> **COLLECTED MATERIAL**
# # # # #
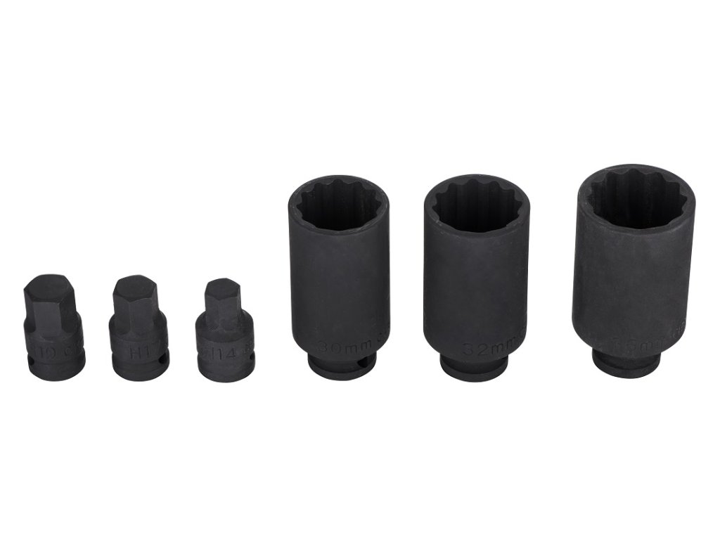 3x nástrčná úderová hlavice, 12hranná, velikosti: 30, 32, 36 mm
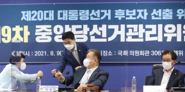 이어 "후보 6명 중 4명은 현장 투표를 원했고 2명은 선관위 결정에 따른다는 유보적 입장이었다"며 "정세균 후보가 최근 입장을 변화했고 3 후보는 현장 투표를 고수했지만 오늘 선관위에 이르기까지 많은 소통을 해서 위원장에게 투표 방법을 위임한다는 뜻을 표시했다"고 부연했다. 이 위원장은 "후보 측과 이견 없이 잘 될 것 같다"고 밝혔다.
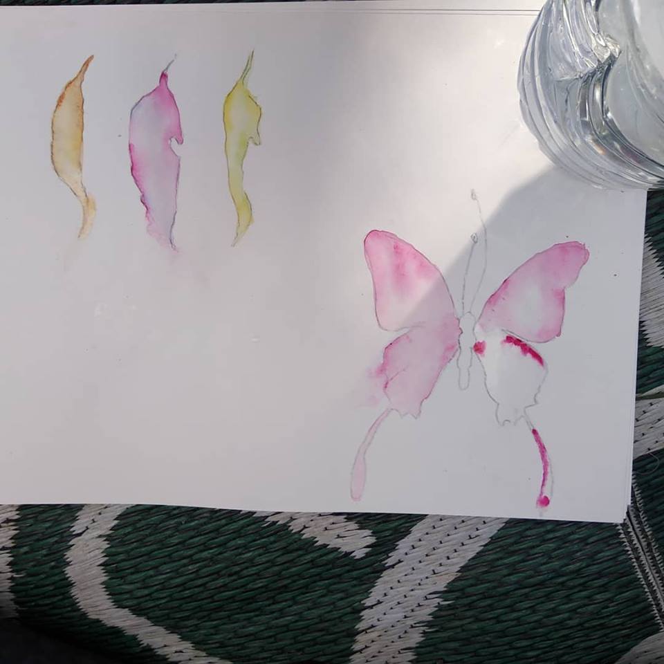 The waterfall brought joy and play as we embraced the cold water, searched for water bugs and living things along the creek beds. We were even graced by the sighting of an endangered Richmond Birdwing Butterfly, after which Birdwings takes its name. It flapped slowly up high and soared on the breezes as high up as the treetops, signaling our return to camp – a challenging route over boulders strewn through the creek bed. This involved moving our bodies in new ways, breathing through the challenge and keeping sight of the end. We arrive and were rewarded with lunchtime and a relaxing afternoon of botanical watercolour painting with our Narell and weaving in the shade with Geira Jen, both artists loving being able to celebrate their creative connections to this place.
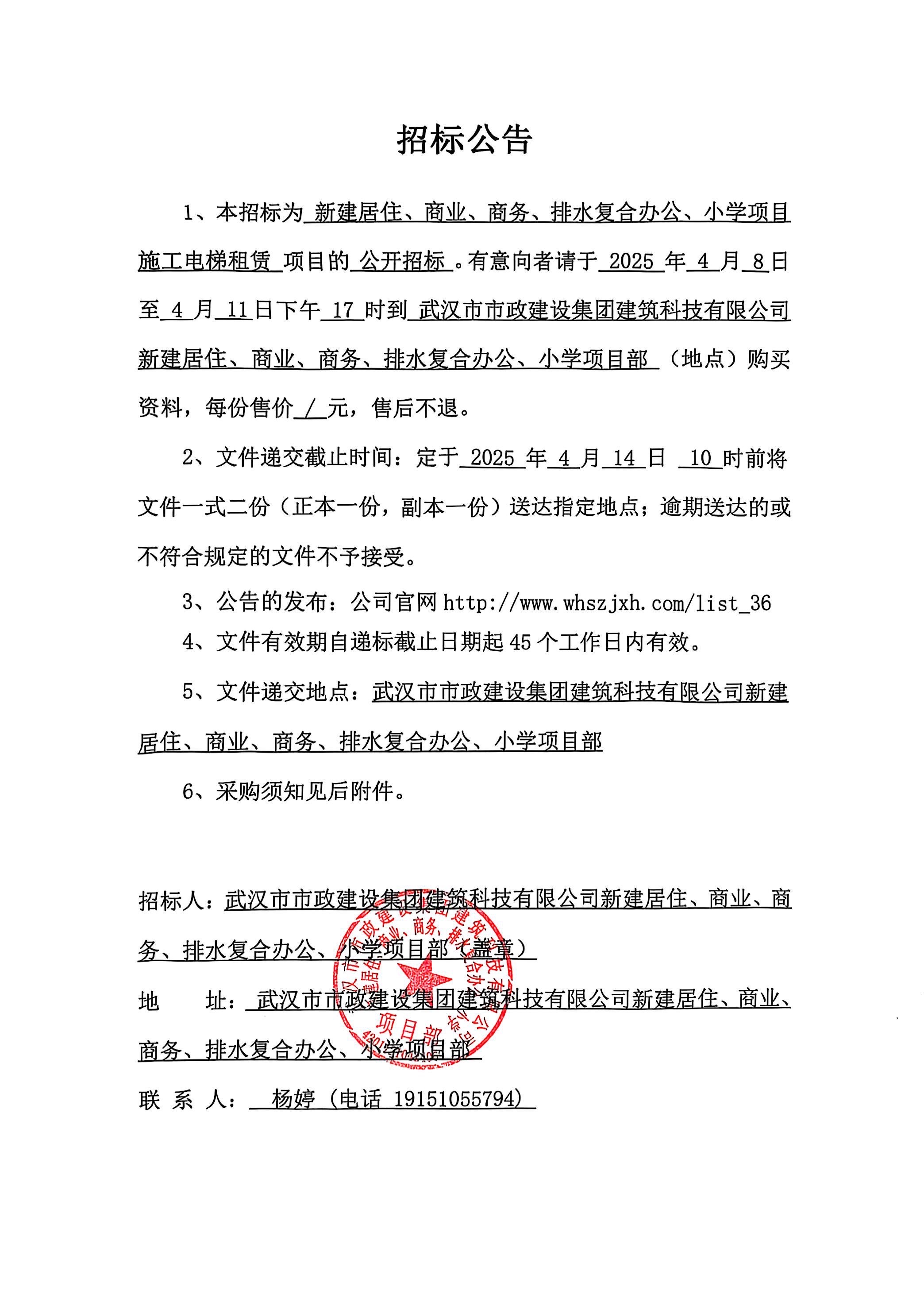 武漢市市政建設(shè)集團(tuán)建筑科技有限公司新建居住、商業(yè)、商務(wù)、排水復(fù)合辦公、小學(xué)項(xiàng)目施工電梯租賃招標(biāo)公告
# # # # #
Give all the lines above again, character for character, without pictures.

> **TASK ANSWER**
 3x nástrčná úderová hlavice, 12hranná, velikosti: 30, 32, 36 mm
 이어 "후보 6명 중 4명은 현장 투표를 원했고 2명은 선관위 결정에 따른다는 유보적 입장이었다"며 "정세균 후보가 최근 입장을 변화했고 3 후보는 현장 투표를 고수했지만 오늘 선관위에 이르기까지 많은 소통을 해서 위원장에게 투표 방법을 위임한다는 뜻을 표시했다"고 부연했다. 이 위원장은 "후보 측과 이견 없이 잘 될 것 같다"고 밝혔다.
 The waterfall brought joy and play as we embraced the cold water, searched for water bugs and living things along the creek beds. We were even graced by the sighting of an endangered Richmond Birdwing Butterfly, after which Birdwings takes its name. It flapped slowly up high and soared on the breezes as high up as the treetops, signaling our return to camp – a challenging route over boulders strewn through the creek bed. This involved moving our bodies in new ways, breathing through the challenge and keeping sight of the end. We arrive and were rewarded with lunchtime and a relaxing afternoon of botanical watercolour painting with our Narell and weaving in the shade with Geira Jen, both artists loving being able to celebrate their creative connections to this place.
 武漢市市政建設(shè)集團(tuán)建筑科技有限公司新建居住、商業(yè)、商務(wù)、排水復(fù)合辦公、小學(xué)項(xiàng)目施工電梯租賃招標(biāo)公告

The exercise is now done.